Neben der Materialforschung gibt es auch noch andere astronautische Hinterlassenschaften an der Mondlandestelle: Gefüllte Kot- und Urinbeutel. Kot enthält neben verdauten Speiseresten auch Mikroorganismen aus dem menschlichen Mikrobiom. Wie sich 50 Jahre des rauen Mondklimas auf ridische Bakterien ausgewirkt haben, dürfte spannende Anhaltspunkte auch dafür geben, wie sich der Mondaufenthalt auf Lebewesen und letztendlich auch auf wie Menschen auswirken könnte.
Die Astronauten mussten beim Abheben von der Mondoberfläche an Gewicht sparen, darum haben sie allen Ballast auf dem Mond zurückgelassen.
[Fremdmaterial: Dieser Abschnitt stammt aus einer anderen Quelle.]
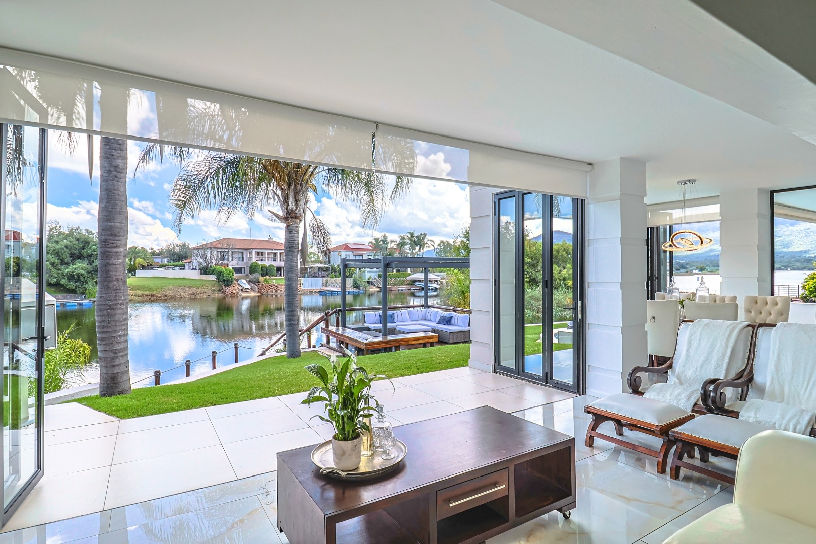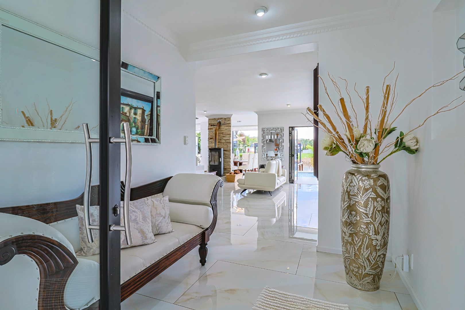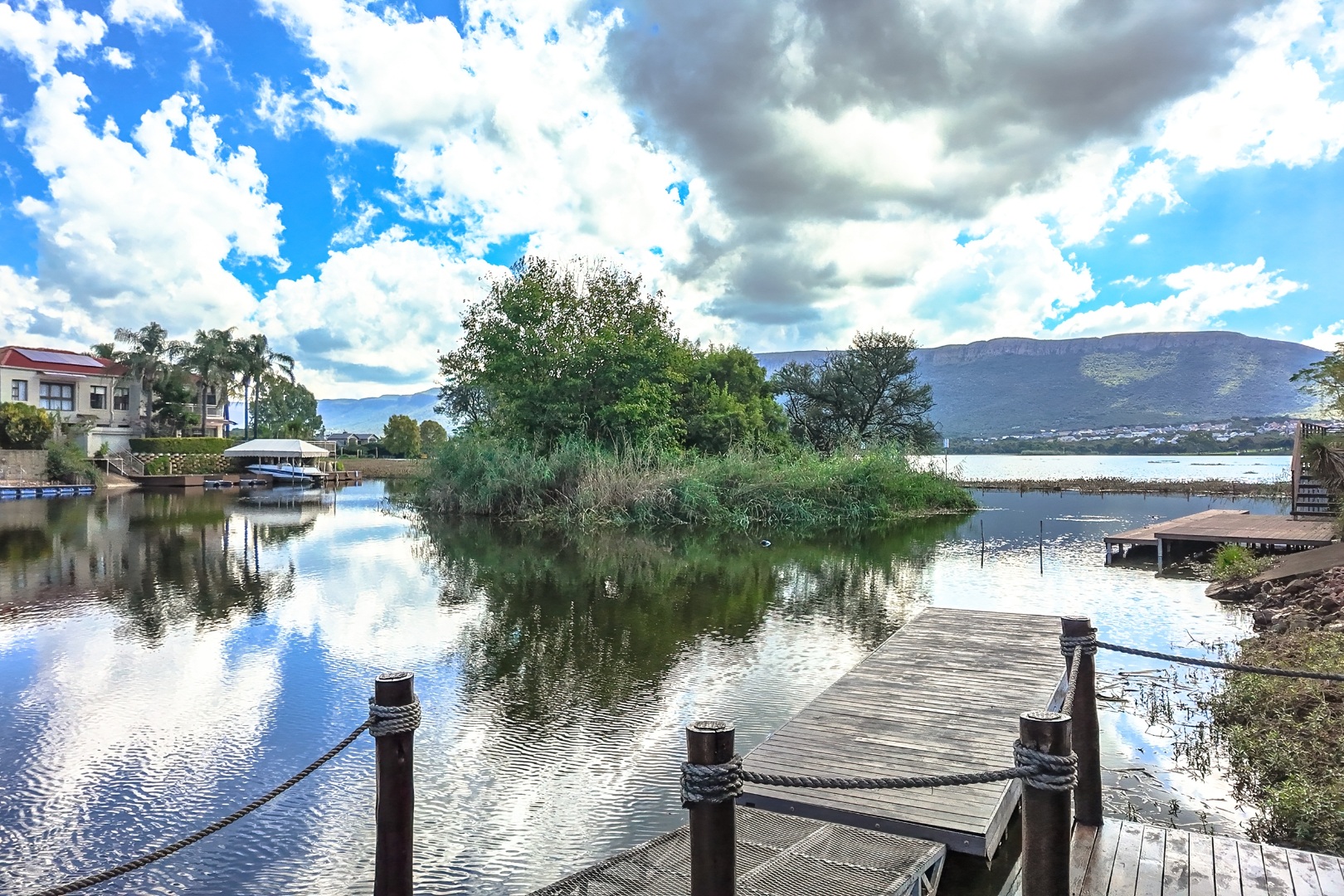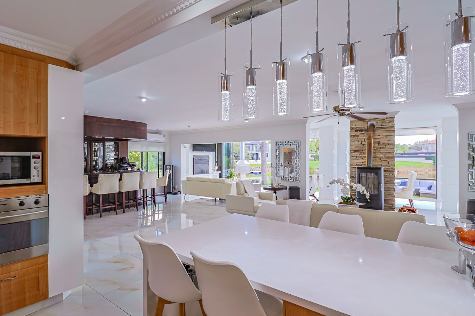 Set on a generous 1,111 sqm stand, this immaculate double-storey home offers 5 spacious bedrooms and 4.5 bathrooms, all complemented by a beautifully finished, upmarket interior. Automated gates welcome you into a glamorous entrance with porcelain tiles, leading seamlessly into expansive open-plan reception areas. The lounge and dining areas flow effortlessly, enhanced by a built-in bar and a stylish braai room—ideal for entertaining. From here, the home opens onto a patio overlooking a rim-flow heated pool, lapa, and fire pit, creating a relaxed outdoor setting with direct access to the dam, your own private jetty, and a private boat launching facility. The well-equipped kitchen, complete with a separate scullery and laundry, adds both practicality and ease to everyday living, while air-conditioning in the lounge and bedrooms ensures year-round comfort.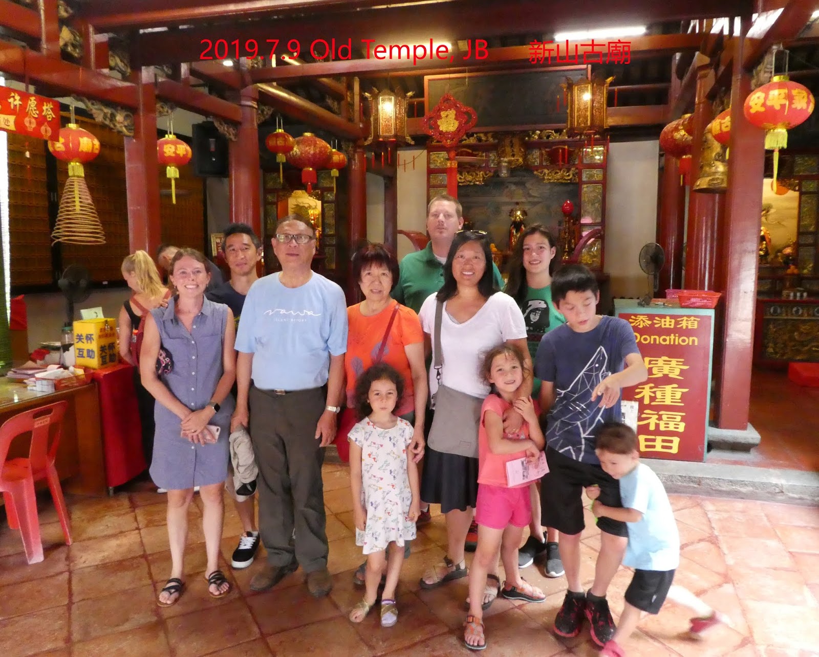 (DY's facebook) Finally came to Weeyong’s hometown Johor Bahru, visited the two places he had lived , but the stilt house is long gone! Kids are very interested in everything about Johor Bahru! 終於來到偉榮成長的地方新山!早期住的高腳屋已消逝,住得最久的老屋仍在卻已易手至今無人居住,孩子對這裡的一切都充滿興趣! Behind is Johor Strait ,used to have the stilt house weeyong lived! 背後的柔佛海峽,早期搭建的高脚屋曾是偉榮住過之處,孩子們都耳熟能詳!The old temple is most popular place for local Chinese New Year celebration! 新山古廟是當地人過中國年必去之處,香火頂盛! Johor Sudan palace garden (Istana Bukit Serene, last 2 pictures), night view! 柔佛蘇丹皇宮花園夜景!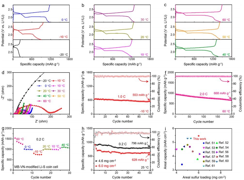 近年来,锂硫电池在极端环境(如高低温环境)下的工作状态逐渐成为研究热点,在高温下,中间产物多硫化锂的转化反应会加快,但穿梭效应愈发明显;而低温下,由于电解液粘度增大等原因引起的离子传输速率变慢会大大降低多硫化锂的转化反应动能。因此,研究解决锂硫电池在宽温域条件下的问题显得尤为重要。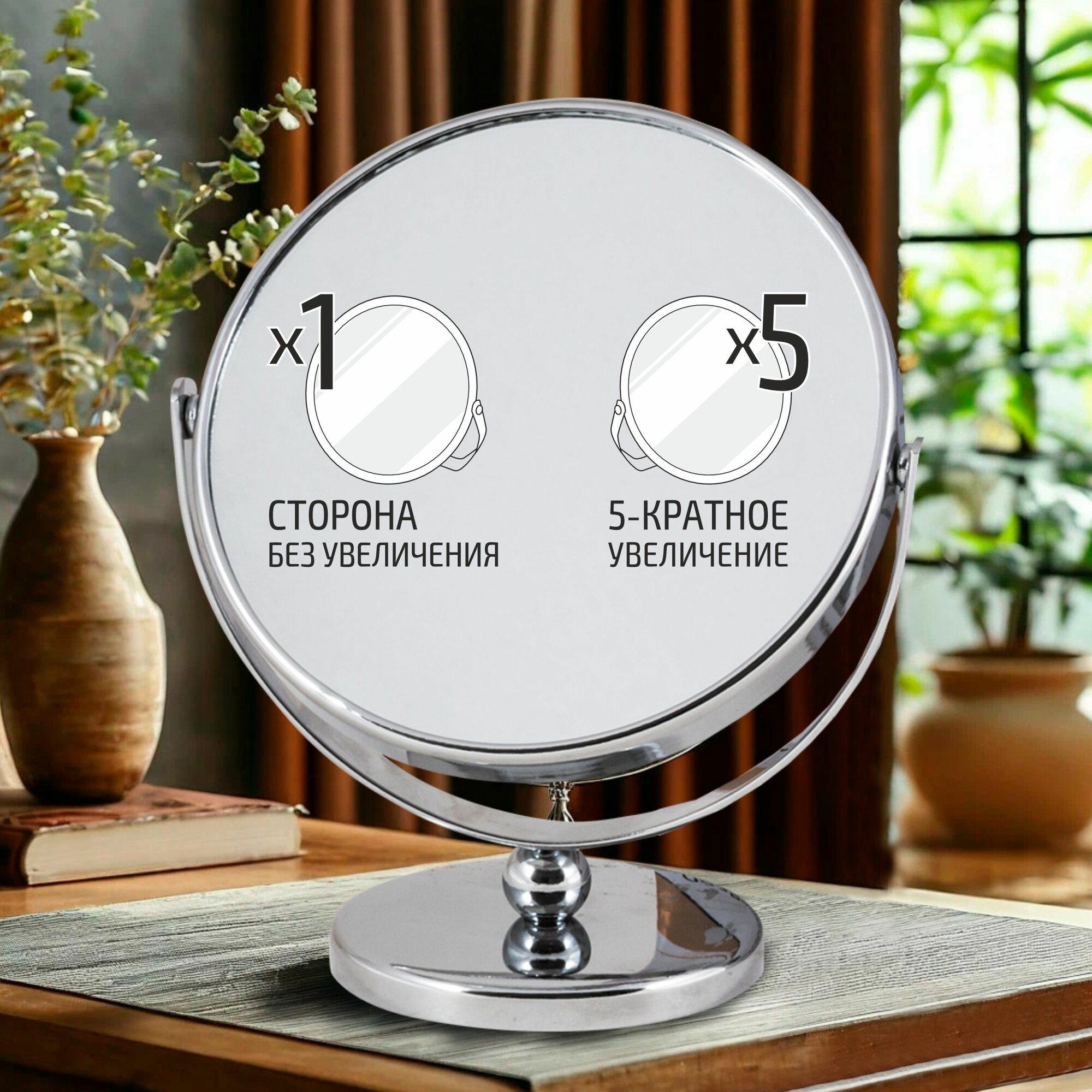 Двустороннее настольное зеркало отлично подойдет для нанесения макияжа и проведения процедур по уходу за кожей лица.
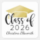 Os adesivos personalizados de graduação apresentam um design personalizado moderno e elegante com o nome do formando, seu ano de classe em um roteiro de caligrafia em preto, e um motivo de boné de formando dourado. Use para destacar envelopes de cartão de lançamento ou favores de festa de formatura!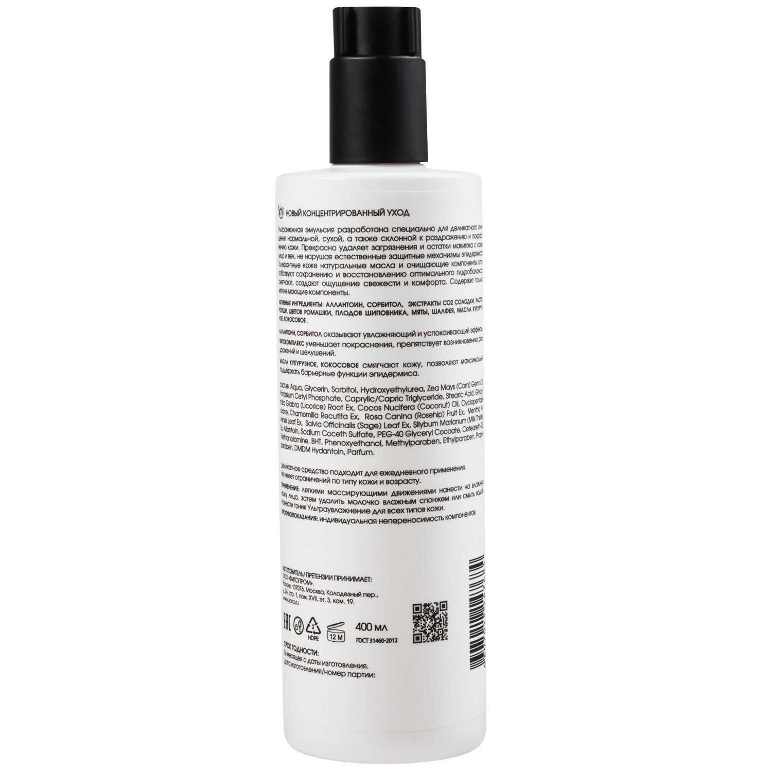 Состав: aqua, glycerin, sorbitol, hydroxyethylurea, zea mays (corn) germ oil, potassium cetyl phosphate, caprylic/capric triglyceride, stearic acid, glycyrrhiza glabra (licorice) root extract, cocos nucifera (coconut) oil, cyclopentasiloxane, chamomilla recutita extract, rosa canina (rosehip) fruit extract, mentha arvensis leaf extract, salvia officinalis (sage) leaf extract, silybum marianum (milk thistle) extract, allantoin, sodium coceth sulfate, peg-40 glyceryl cocoate, ceteareth-20, triethanolamine, внт, phenoxyethanol, methylparaben, ethylparaben, propylparaben, dmdm hydantoin, parfum.

Neben Mondrovern auch die kostbare Hasselblad-Kamera, jene Fäkal- und Urinbeutel und andere Objekte. Sie waren sich sicher, dass die harte Strahlung alles desinfizieren würde. Eine weitergehende Diskussion um die diese “poop-sacs”, Kommentare der Astronauten dazu und Graphiken zum genauen Aufbau der Astro-Unterwäsche, die im Schrittbereich bis zu 900 ml fassen konnte, gibt es hier.: “On the moon itself, the astronauts used a “maximum absorbency garment” for “fecal containment.” But forget the technical phrasing. It’s a diaper.”
Für Astrobiologen dürften diese Säckchen definitiv die interessantesten Objekte auf dem Mond sein.